During charter development, structured discussion about the charter item is done using Template:CharterItem.

2 Syntax Work Items

@@@ update to include discussion resulting in don't-break-it/don't-fix-it about RDF/XML. MAYBE rdf:graph attribute is small enough to still be essentially compatible.

All syntaxes must be (updated if necessary) support the entire RDF model including whatever other changes are made such as named graphs etc.

Alternative: support the full RDF model in Turtle and JSON. Let RDF/XML and RDFa deal with subsets. The reality may be that RDFa for HTML5 is completed before any future RDF model changes are done.

May need a survey of implementers to see if they would be motivated to update code for syntax changes.

Break existing syntaxes with caution:

  • Do not want to break RDF/XML but if there are changes, might as well break it good removing all weakly deprecated parts and change media type, file name extension. Which amounts to making a new XML syntax.
  • Reluctant to break existing Turtle-RDF but it is not a W3C REC yet, so there is some wiggle room. If Turtle needs named graphs, maybe it should be a different mime type for the same grammar / spec / format.

(Breaking means adding new features that are incompatible and cause existing code to fail. )

2.1 Namespace and Profiles Management

Guidance on techniques for managing collections of namespaces, such as profiles/context in RDFa 1.1 (but may be apply to other syntax). This may be uses in new syntaxes (below) and added to existing syntaxes, if it can be done maintaining backward compatability

The concept is a syntax document or a protocol header that points to a separate profile document that contains a set of short prefix / URIs pair that are used to abbreviate long uris.

Should include consideration of adding profiles to remove the need for a bunch of namespaces - see Twitter annotations and Facebook open graph. Make it friendlier at the top of the document to avoid scaring user.

All use of profiles / namespace management must be the same pattern across syntaxes.


Why do this work now?
  • Author convienience and removing confusing boilerplate.
  • Reducing file size.
  • Don't repeat yourself - reduction of errors.
  • Encodes and encourages best practice and reuse in schema and vocabulary choices.
Reasons to not do this now
  • Requires changing existing parsers and standards if adding to an existing format.
Proposals

See RDFa 1.1 draft.

Likely Technical Issues
  • Expecting this to be applied to JSON and RDFa.
  • If it was applied to Turtle, this would only be worth doing if something else broke the syntax (such as new data formats).
  • Not expsecting this to apply to RDF/XML.
People Interested in Doing The Work

-


2.2 Turtle

Decide the syntax stack of how Turtle themed languages fit together (N-Triples, any future N-Quads, Turtle, maybe N3) including how the media types work.

A specification for Turtle, generally compatible with existing systems which read and write it.

Consider some syntax extensions such as allowing raw date / date time literals (timbl) to improve validation and ease of use.

Consider making this the recommended RDF syntax.


Why do this work now?
  • Because it is awesome.
  • It is in widespread use - in tutorials, W3C docs and code.
Reasons to not do this now
  • Yet another new syntax - all syntaxes must be aligned and capable of encoding the same models.
  • May need new media type (but the current one is not IETF approved).
  • It is in widespread use - possibly cannot make major changes.
  • May need a new name for the named graph format.

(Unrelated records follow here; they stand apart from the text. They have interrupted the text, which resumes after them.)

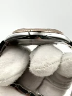 The chocolate dial is rich and warm, with luminescent Everose gold hour markers and hands that ensure legibility in all lighting conditions. The simple yet elegant index layout maintains a clean look, while the date window at 3 o’clock, magnified by Rolex’s signature Cyclops lens, adds functionality to this timeless design.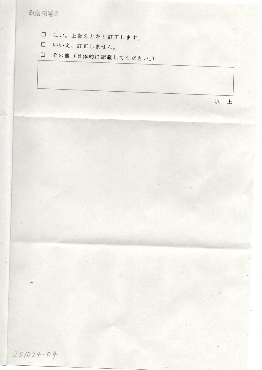 □ はい。上記のとおり訂正します。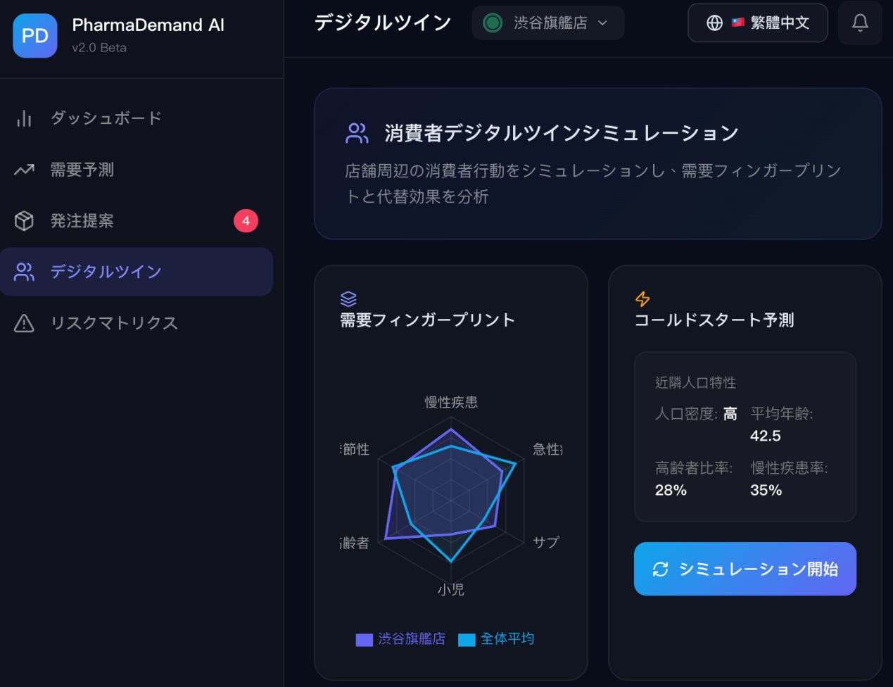 「PharmaDemand AI」は、小売薬局専用に設計されたAIネイティブ・プラットフォームです 。その核心は、「CDT (Consumer Digital Twin:消費者デジタルツイン)」モデルとPOS履歴データを融合させた独自のアルゴリズムにあります 。各店舗のSKU(最小管理単位)ごとに、将来7/30/90日間の需要変動を予測可能 。薬局経営の最優先課題である欠品リスクを解消するだけでなく、期限切れ医薬品の廃棄ロスを効果的に削減し、資産回転率を劇的に向上させます 。

Qurtle (Dave B)
Proposals

See W3C Team Submission on Turtle.

See Andy S for blog points, Dave B for RDF next steps paper.

Likely Technical Issues
  • Whether to include date.
  • Better formal explanation of mapping from model to syntax.
  • Alignment with SPARQL formats.
  • Errata...
  • May need two mime types for turtle doc that encodes 1 graph only and turtle doc that encodes multiple graphs (sparql dataset) because you may need to know in advance whether to stream an incoming document into a graph or a dataset.
People Interested in Doing The Work

Willing to work on it: Dave, Andy S


2.3 Turtle Support for Graph Identification

A specification for an extension to Turtle which includes support for graph metadata.


Why do this work now?
  • Provide support for the named graph model changes.
  • Align with SPARQL dataset work.
  • Alignment with other serializations if/when they support named graphs.
Reasons to not do this now
  • Concern that you want to know when a document has 1 graph, versus may have many graphs.
Proposals

Trig and N-Quads. (Note Trig is not a true superset of Turtle or N-Quads - ask Andy S)

Likely Technical Issues

Should this be a superset of Turtle?

Expect this to be a different mime type to Turtle, maybe a different named spec.

People Interested in Doing The Work

list of people volunteering to do the necessary writing/editing, or 'None Yet'.


2.4 Named graphs support in RDF/XML

A specification for an extension to RDF/XML which includes support for graph metadata.

[Support for this at the workshop was not polled.]

Consider leaving RDF/XML to support just a single graph or the RDF (2004) data model.



Why do this work now?
  • Supports named graphs in RDF/XML.
Reasons to not do this now
  • Changes RDF/XML.
Proposals

Possible starting point: RDF Source. Named Graphs document.

or just add an rdf:graph (e.g.) attribute to rdf:RDF if you do not want nested graphs.

Likely Technical Issues
  • Decide whether to do nested graphs (model question?)
People Interested in Doing The Work

list of people volunteering to do the necessary writing/editing, or 'None Yet'.


2.5 JSON

A Specification for a way to serialize RDF graphs in JSON.

Should include consideration of adding profiles to remove the need for a bunch of namespaces - see Twitter annotations and Facebook open graph. Make it friendlier at the top of the document to avoid scaring user.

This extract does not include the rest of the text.